CSFB can take comfort in leading one of the rare single asset deals to close in 2002. It closed a $365 million loan for Conectiv's, $600 million, 500MW Bethlehem project. Conectiv is a new name, but a strong utility, and the transaction was very conservatively leveraged. The plant, while merchant, had a five-year toll backing the four-year debt. This could well have been the last deal of its kind.

The other high-profile single-asset financing was for reliable developer Tenaska, which closed a $497 million financing for its 885MW plant in Virginia. The five mandated leads ? DZ, HVB, Credit Lyonnais, Bank of Tokyo-Mitsubishi and Dexia ? look like the sort of institutions, both in size and capabilities, that will be picking up a large slice of the few upcoming plant mandates.
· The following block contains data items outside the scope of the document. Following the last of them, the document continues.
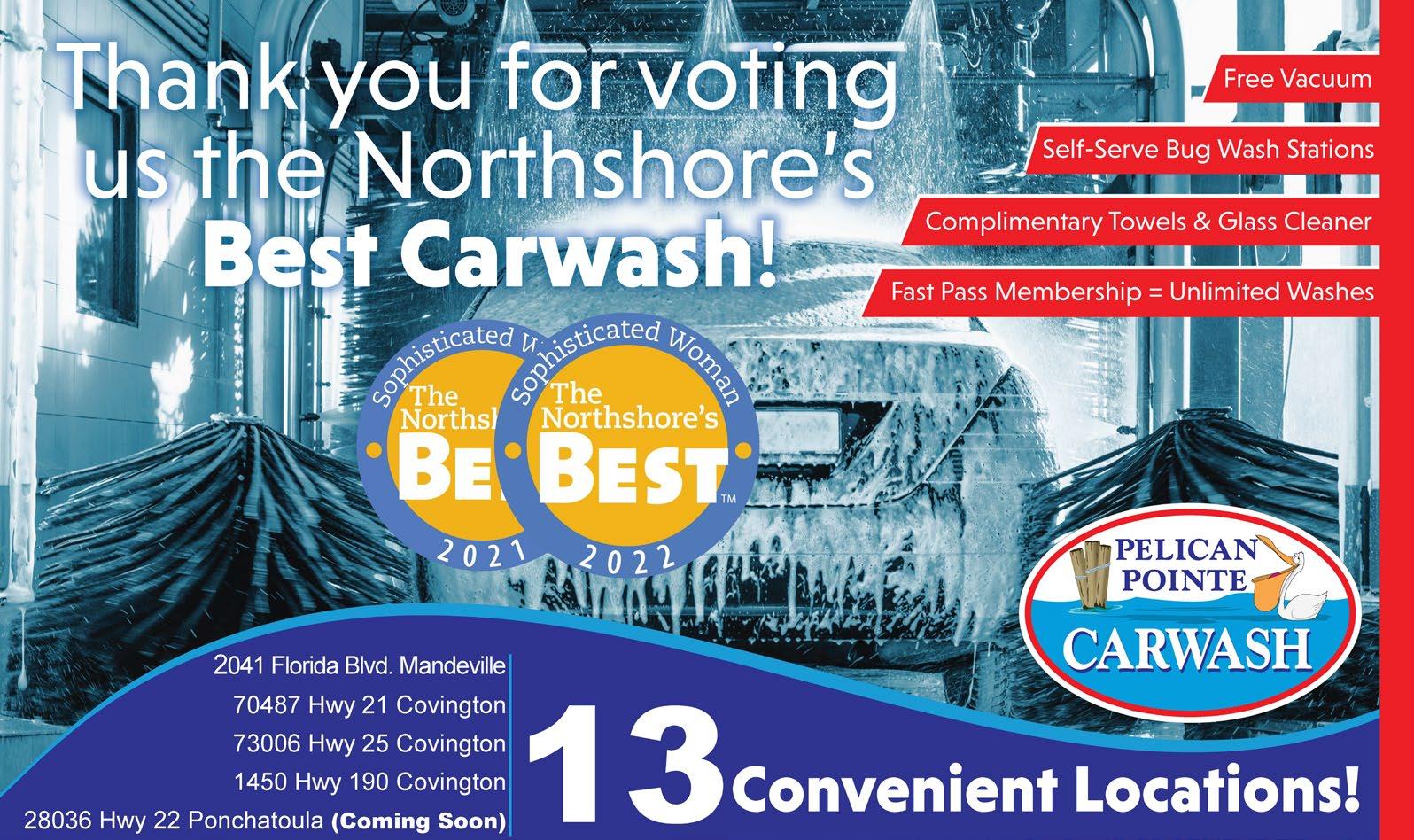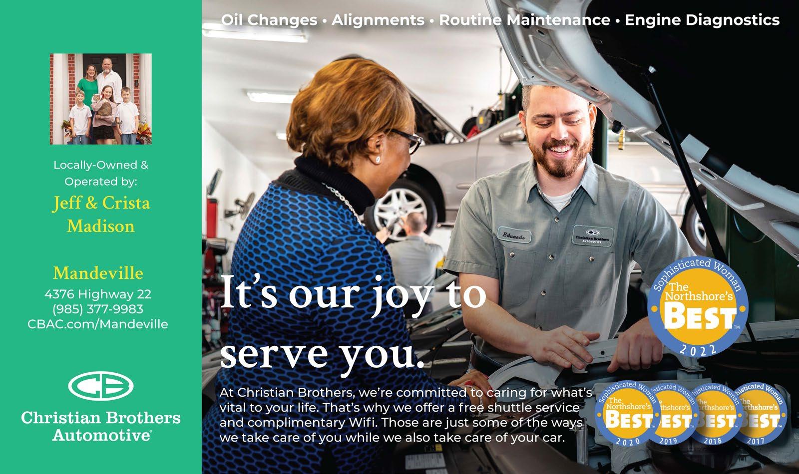 65 The Northshore’s Best | April 2023 The Northshore’s Best Services "Where Service is King" 1340 Front Street | Slidell, LA 70458 985.771.7700 | www.ccwoc.net Best Car Wash in East St. Tammany Thank you for voting us St. Tammany Parish Family-Owned and Operated Owners, Marc & Sarah Delery Where EVERY Car Wash Includes: FREE Towel & Spray Cleaner Use Detail Compressed Air Mat Shampooers Air Freshener All oil changes include our best $20 wash!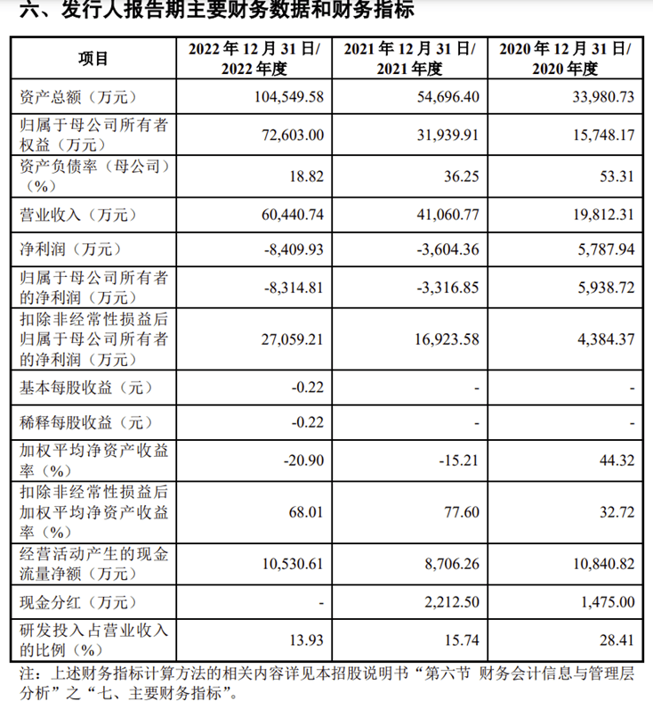 招股书显示,2020年至2022年,长光辰芯实现营业收入分别约为1.98亿元、4.11亿元、6.04亿元,扣非归母净利润分别约为4384万元、1.69亿元、2.71亿元。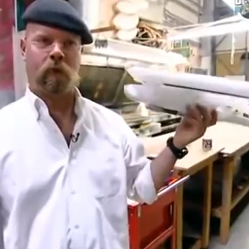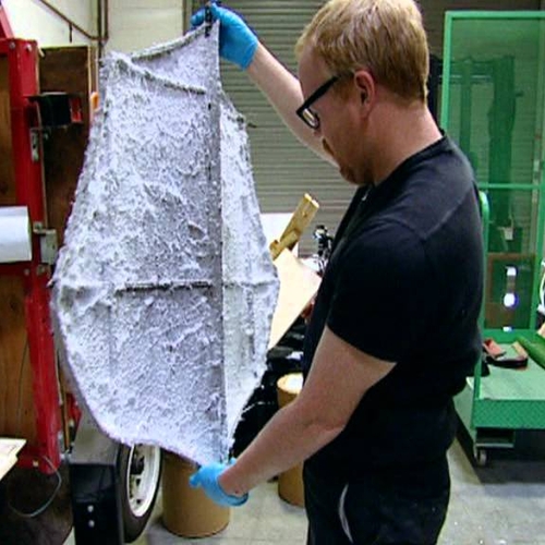 Джейми сделал макет из игрушечного планера, аккуратно смешал цемент, песок, стекловолокно и воду, из чего получились тонкие, как бумага, крылья. (После просушки вес объекта составил чуть больше 600 граммов).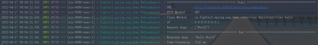 执行结果:可以看到日志打印了入参、出参和执行时间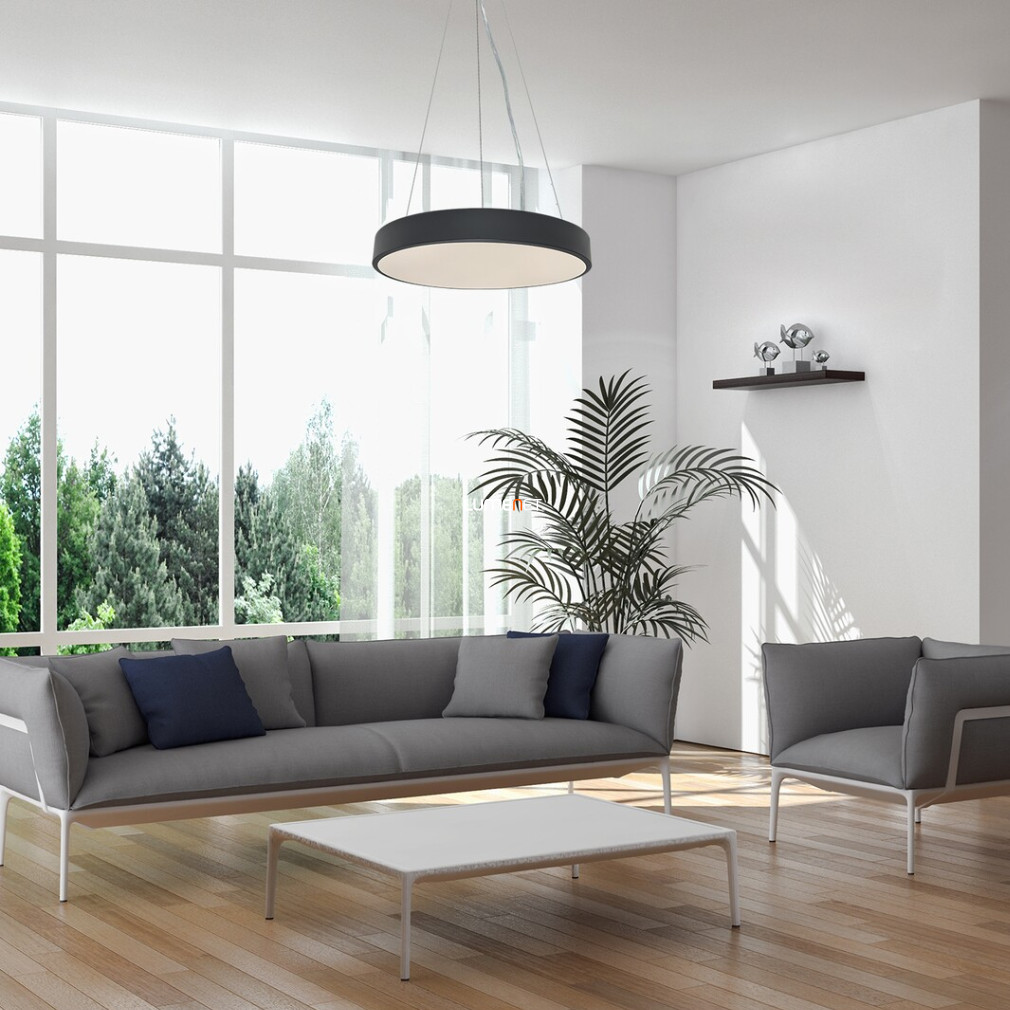 A Tesia Rábalux 71041 szabályozható függesztett LED lámpa modern, fekete színű kialakítással és 60 W teljesítményű LED modullal rendelkezik, amely 2700 lumen fényáramot biztosít. A lámpa fényének színhőmérséklete 3000 és 6000 Kelvin között változtatható, így meleg és hideg fehér fény is elérhető. A világítás intenzitása falikapcsolóval vagy a mellékelt távirányítóval szabályozható, továbbá memória, időzítő és éjjeli fény funkcióval is ellátták. A 600 mm átmérőjű lámpatest fém és műanyag anyagból készült, IP20 védettséggel rendelkezik, és átlagos élettartama eléri az 50 000 órát. A termék tartalmazza a beépített LED fényforrást, így azonnal használatra kész.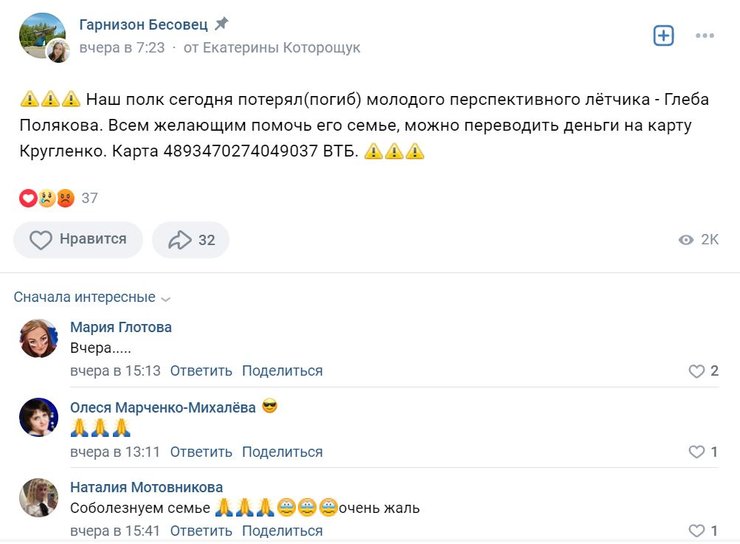 Пізніше в спільноті розмістили інформацію про ще одного загиблого російського льотчика. Ним став пілот 159-й винищувального авіаційного полку 6-ї армії ВПС/ППО ЗС РФ, на озброєнні якого перебувають Су-35, Гліб Поляков.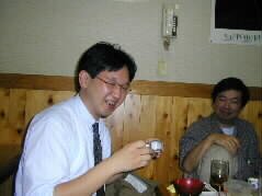 | 今日のお酒は、コアラの電子会議室「居酒屋」で友田さんたちが選んだお酒を、「田染荘」(酒屋)の津田さんが運び込みました。そしてそのままオフ会にも参加してしまいました。お酒談義に忙しい津田さんです。 |  |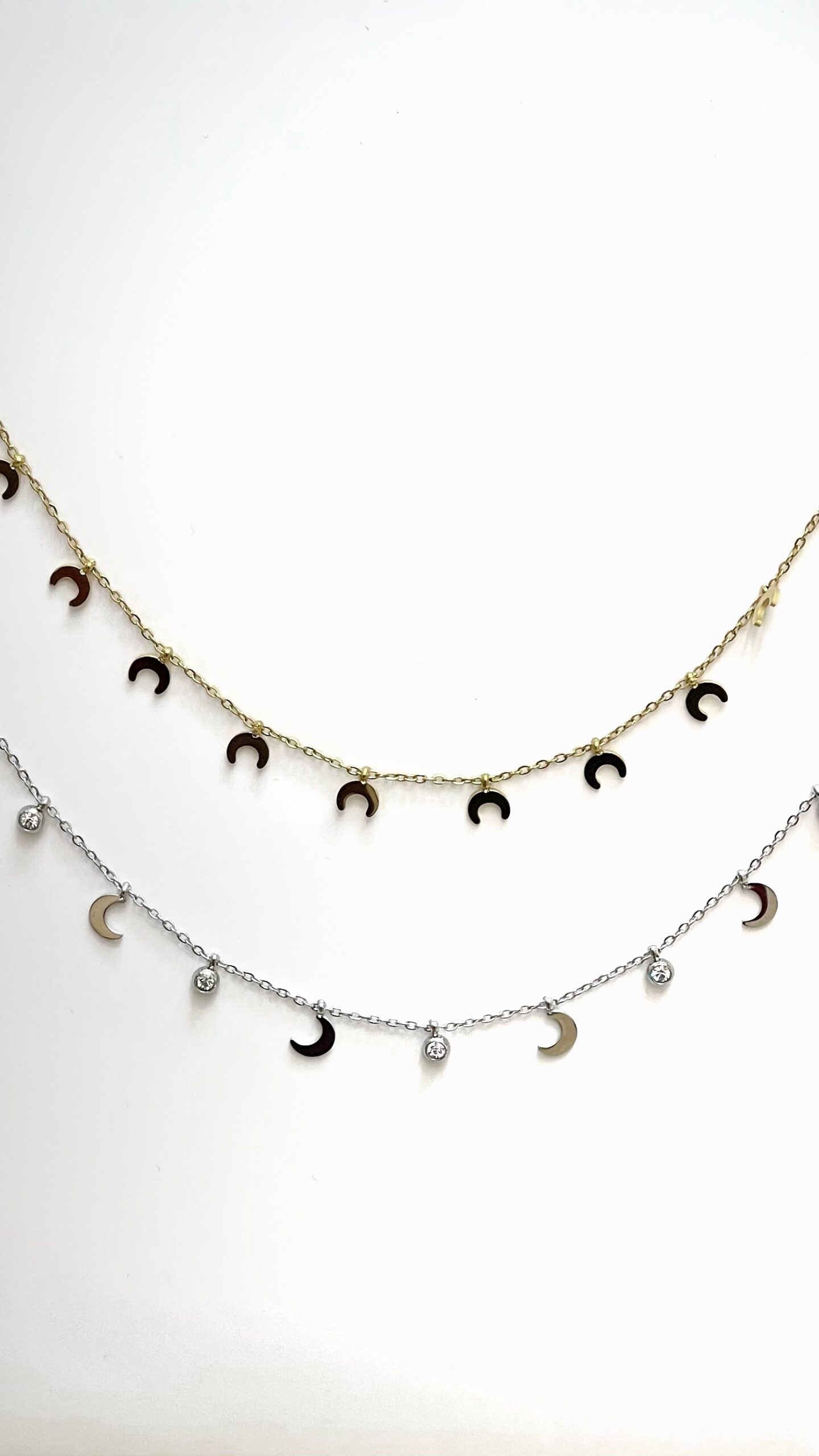 A delicate gold necklace featuring multiple crescent moons, perfect for layering or wearing solo. Stylish, trendy, and full of celestial vibes.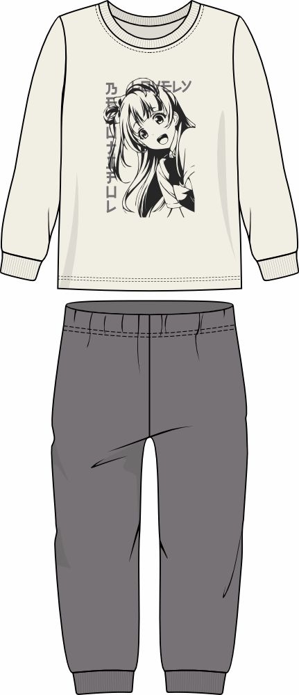 Пижама для девочки, состоящая из джемпера и брюк. Джемпер прямого силуэта, с втачным длинным рукавом. Горловина круглая обработана обтачкой из рибаны. По низу рукавов манжеты из рибаны. Низ изделия обработан швом вподгибку. На полочке принт Шелкография. Надпись переводится как "Красивая, милая". Брюки прямого силуэта, из однотонного полотна. Пояс цельнокроенный, с эластичной тесьмой внутри. По низу изделия манжеты из рибаны.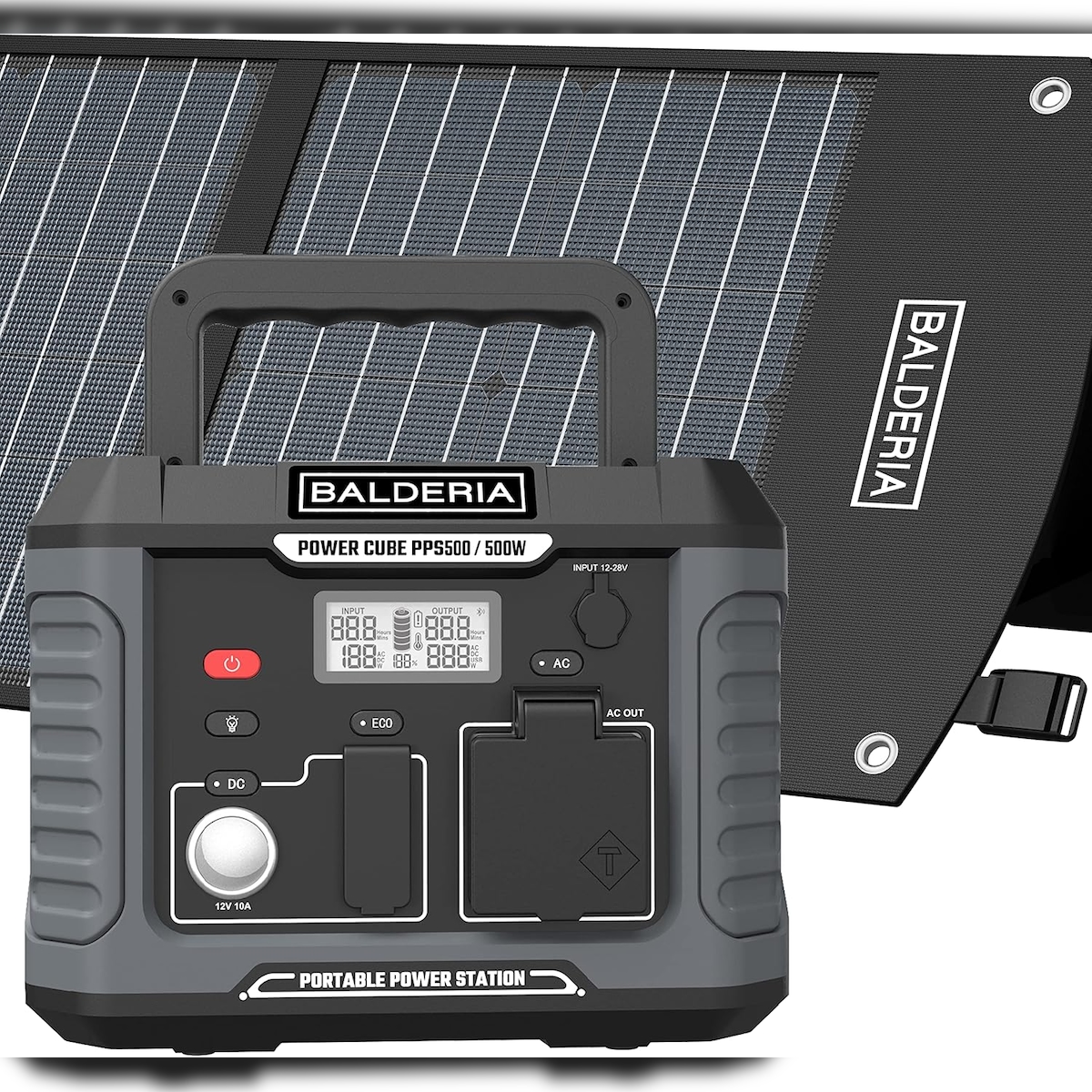 BALDERIA Power Set, tragbare Powerstation 500W mit faltbarem Solarpanel 60W

The problems with creditworthiness affecting traders, and the decision by a host of others to pull back from the business, make merchant offtakes almost worthless. There are exceptions ? Shell's Coral Energy has made deals from Tenaska and InterGen (another Shell affiliate) very attractive. A select number of counterparties with utility operations ? Duke, Southern and FPL ? are also in demand.